Exercise aim: Every record needs to be repeated exactly; its pictures do not.

::::

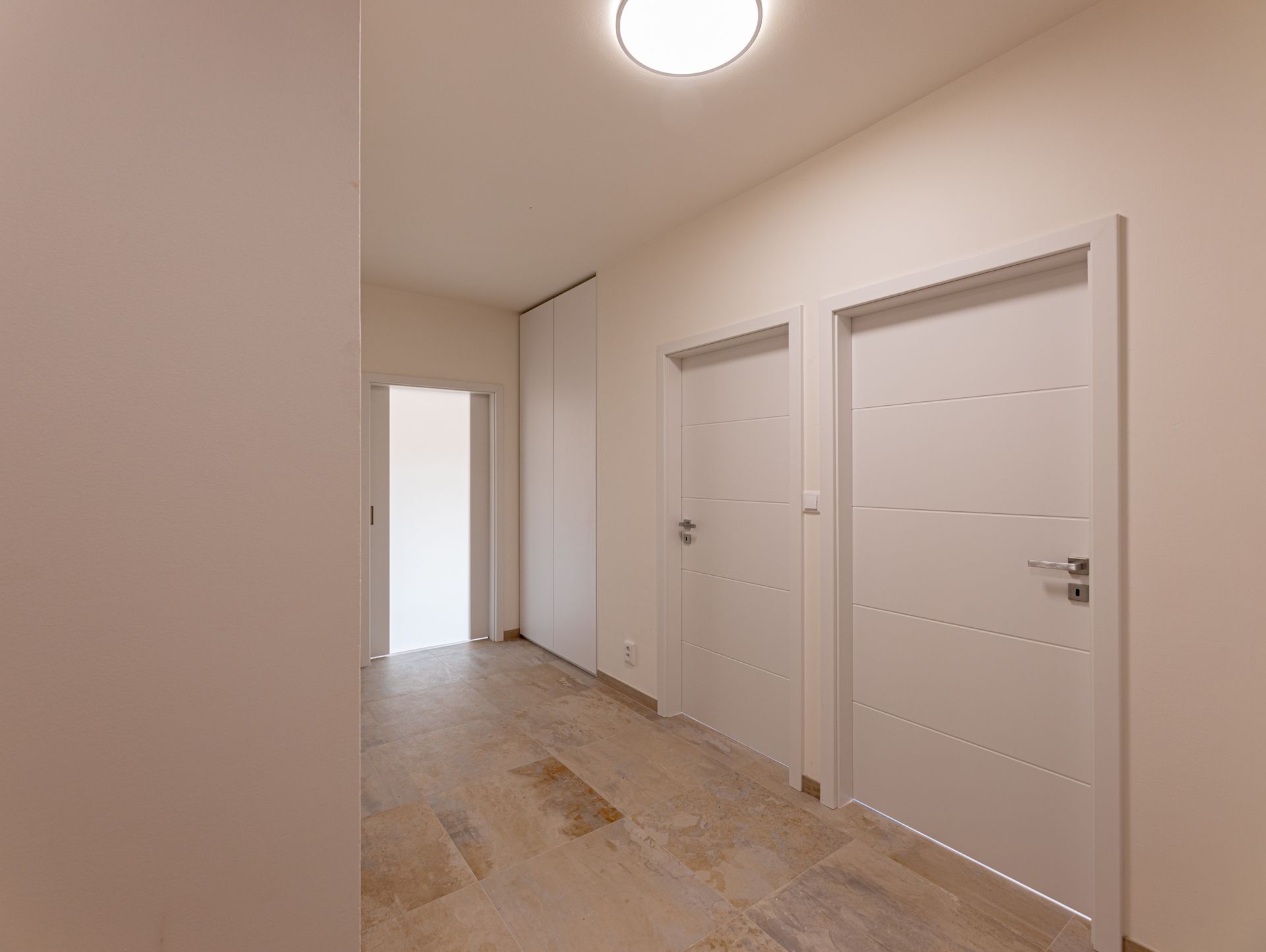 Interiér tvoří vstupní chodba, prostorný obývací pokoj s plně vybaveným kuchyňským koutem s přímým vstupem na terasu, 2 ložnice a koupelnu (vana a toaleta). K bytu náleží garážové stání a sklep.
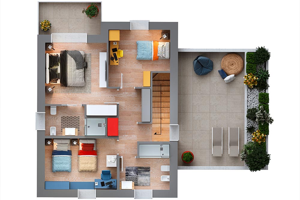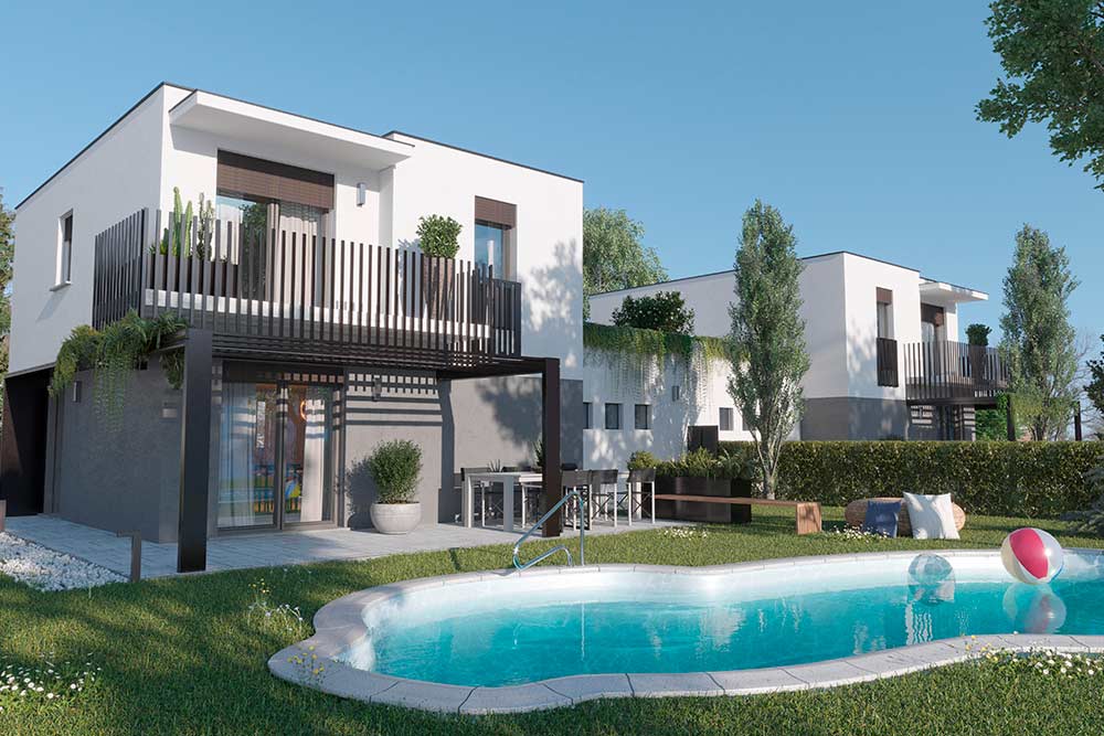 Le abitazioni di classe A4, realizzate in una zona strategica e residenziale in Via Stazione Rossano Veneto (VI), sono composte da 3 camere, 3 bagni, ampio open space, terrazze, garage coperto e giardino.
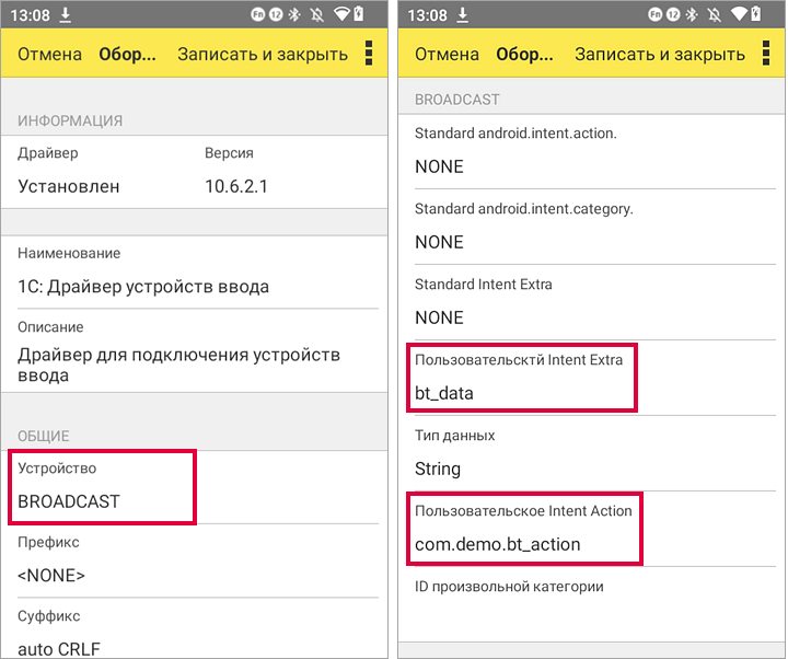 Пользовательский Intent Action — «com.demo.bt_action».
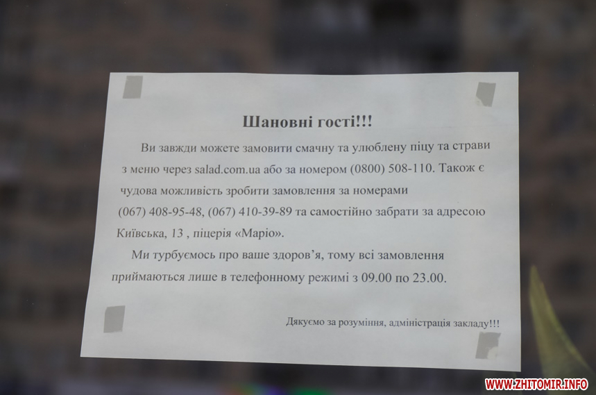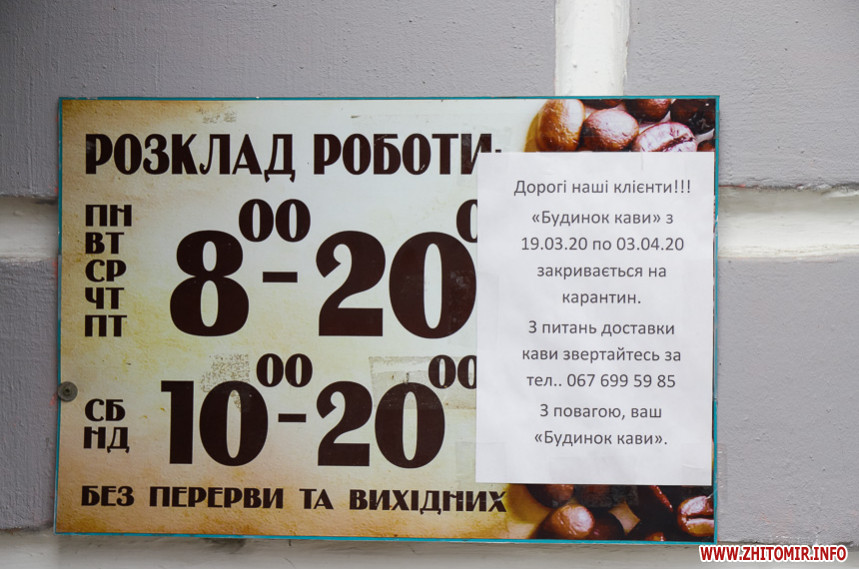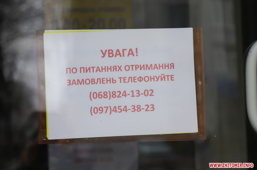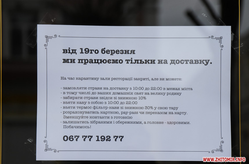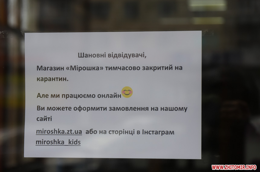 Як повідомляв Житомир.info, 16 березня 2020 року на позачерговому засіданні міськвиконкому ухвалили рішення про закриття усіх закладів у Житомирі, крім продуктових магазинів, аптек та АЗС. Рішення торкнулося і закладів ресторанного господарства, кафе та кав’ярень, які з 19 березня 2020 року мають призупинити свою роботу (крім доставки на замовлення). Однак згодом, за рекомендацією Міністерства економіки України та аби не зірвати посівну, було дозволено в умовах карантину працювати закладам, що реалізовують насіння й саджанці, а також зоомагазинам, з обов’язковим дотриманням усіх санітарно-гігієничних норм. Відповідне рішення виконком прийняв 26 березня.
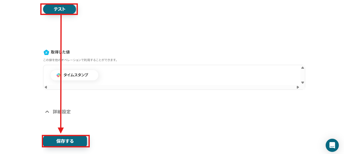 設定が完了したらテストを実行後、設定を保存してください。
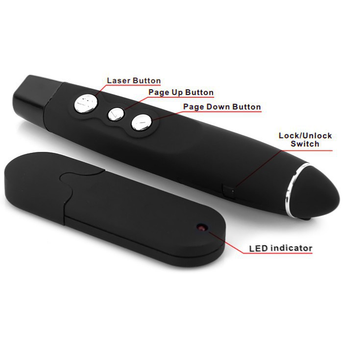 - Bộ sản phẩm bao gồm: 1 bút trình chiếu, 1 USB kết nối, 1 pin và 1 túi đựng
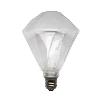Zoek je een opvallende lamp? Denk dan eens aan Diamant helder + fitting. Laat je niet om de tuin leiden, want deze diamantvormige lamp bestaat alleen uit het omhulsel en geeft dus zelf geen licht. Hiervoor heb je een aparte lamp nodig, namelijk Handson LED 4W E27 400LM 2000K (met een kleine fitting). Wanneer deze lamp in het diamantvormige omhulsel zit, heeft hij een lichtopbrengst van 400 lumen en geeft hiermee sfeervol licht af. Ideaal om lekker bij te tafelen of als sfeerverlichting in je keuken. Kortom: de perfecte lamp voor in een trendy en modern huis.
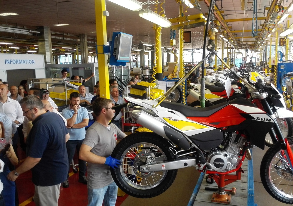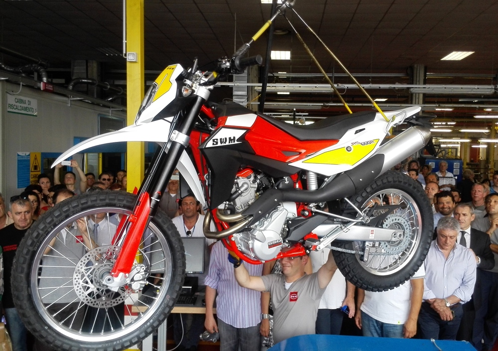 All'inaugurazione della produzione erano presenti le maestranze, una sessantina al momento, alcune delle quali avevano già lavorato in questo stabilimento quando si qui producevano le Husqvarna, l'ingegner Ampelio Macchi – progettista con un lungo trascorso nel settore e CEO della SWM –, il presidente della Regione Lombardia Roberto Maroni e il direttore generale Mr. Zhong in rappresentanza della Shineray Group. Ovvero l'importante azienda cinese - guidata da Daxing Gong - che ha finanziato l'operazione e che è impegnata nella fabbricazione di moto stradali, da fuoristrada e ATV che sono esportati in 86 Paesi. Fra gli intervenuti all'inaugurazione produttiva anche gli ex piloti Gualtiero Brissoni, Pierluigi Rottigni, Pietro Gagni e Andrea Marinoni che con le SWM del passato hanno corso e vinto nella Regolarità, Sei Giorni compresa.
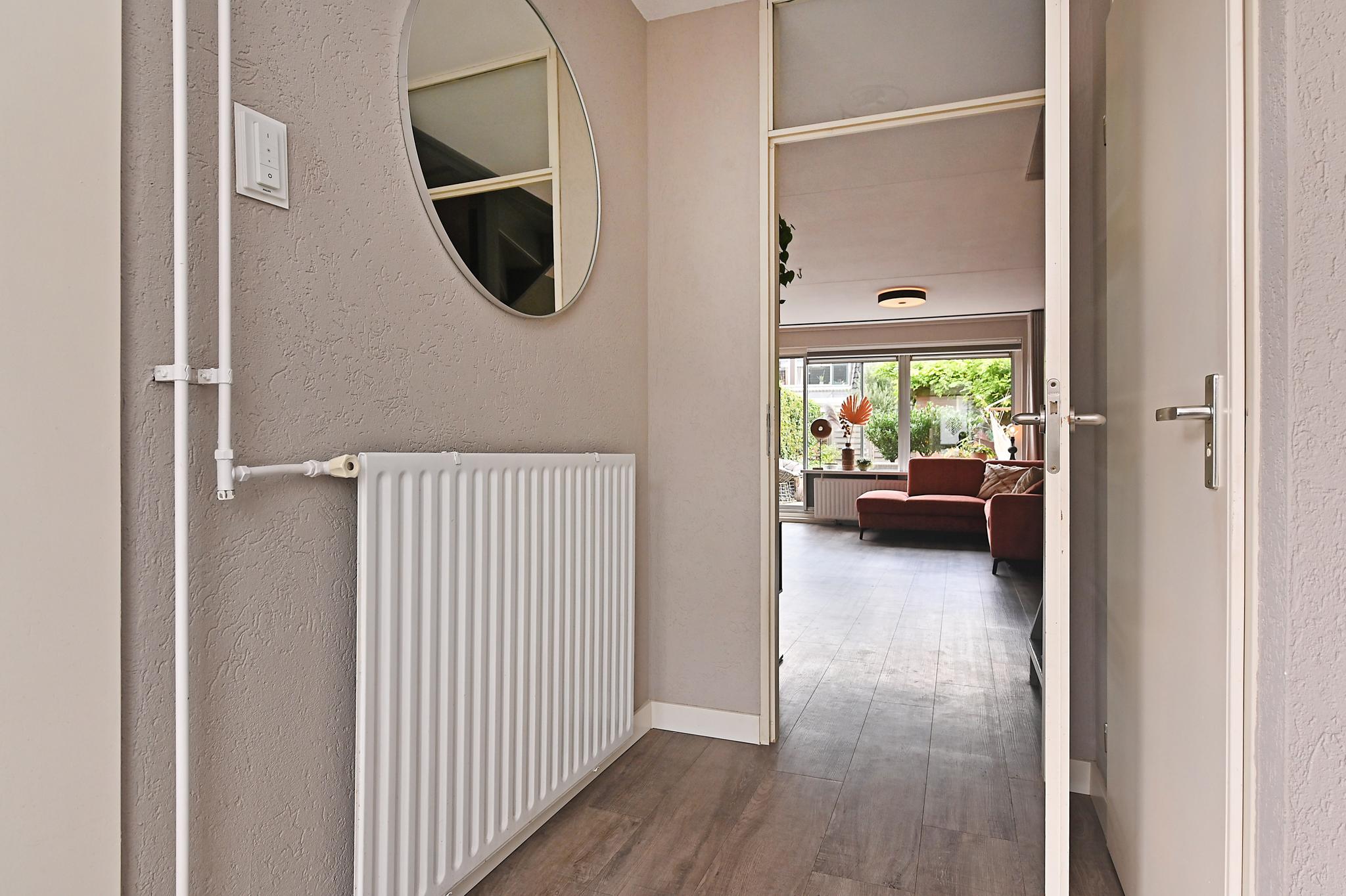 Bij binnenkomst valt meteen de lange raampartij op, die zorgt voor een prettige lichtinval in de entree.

::::

Result for this task:
 Interiér tvoří vstupní chodba, prostorný obývací pokoj s plně vybaveným kuchyňským koutem s přímým vstupem na terasu, 2 ložnice a koupelnu (vana a toaleta). K bytu náleží garážové stání a sklep.
 Le abitazioni di classe A4, realizzate in una zona strategica e residenziale in Via Stazione Rossano Veneto (VI), sono composte da 3 camere, 3 bagni, ampio open space, terrazze, garage coperto e giardino.
 Пользовательский Intent Action — «com.demo.bt_action».
 Як повідомляв Житомир.info, 16 березня 2020 року на позачерговому засіданні міськвиконкому ухвалили рішення про закриття усіх закладів у Житомирі, крім продуктових магазинів, аптек та АЗС. Рішення торкнулося і закладів ресторанного господарства, кафе та кав’ярень, які з 19 березня 2020 року мають призупинити свою роботу (крім доставки на замовлення). Однак згодом, за рекомендацією Міністерства економіки України та аби не зірвати посівну, було дозволено в умовах карантину працювати закладам, що реалізовують насіння й саджанці, а також зоомагазинам, з обов’язковим дотриманням усіх санітарно-гігієничних норм. Відповідне рішення виконком прийняв 26 березня.
 設定が完了したらテストを実行後、設定を保存してください。
 - Bộ sản phẩm bao gồm: 1 bút trình chiếu, 1 USB kết nối, 1 pin và 1 túi đựng
Zoek je een opvallende lamp? Denk dan eens aan Diamant helder + fitting. Laat je niet om de tuin leiden, want deze diamantvormige lamp bestaat alleen uit het omhulsel en geeft dus zelf geen licht. Hiervoor heb je een aparte lamp nodig, namelijk Handson LED 4W E27 400LM 2000K (met een kleine fitting). Wanneer deze lamp in het diamantvormige omhulsel zit, heeft hij een lichtopbrengst van 400 lumen en geeft hiermee sfeervol licht af. Ideaal om lekker bij te tafelen of als sfeerverlichting in je keuken. Kortom: de perfecte lamp voor in een trendy en modern huis.
 All'inaugurazione della produzione erano presenti le maestranze, una sessantina al momento, alcune delle quali avevano già lavorato in questo stabilimento quando si qui producevano le Husqvarna, l'ingegner Ampelio Macchi – progettista con un lungo trascorso nel settore e CEO della SWM –, il presidente della Regione Lombardia Roberto Maroni e il direttore generale Mr. Zhong in rappresentanza della Shineray Group. Ovvero l'importante azienda cinese - guidata da Daxing Gong - che ha finanziato l'operazione e che è impegnata nella fabbricazione di moto stradali, da fuoristrada e ATV che sono esportati in 86 Paesi. Fra gli intervenuti all'inaugurazione produttiva anche gli ex piloti Gualtiero Brissoni, Pierluigi Rottigni, Pietro Gagni e Andrea Marinoni che con le SWM del passato hanno corso e vinto nella Regolarità, Sei Giorni compresa.
 Bij binnenkomst valt meteen de lange raampartij op, die zorgt voor een prettige lichtinval in de entree.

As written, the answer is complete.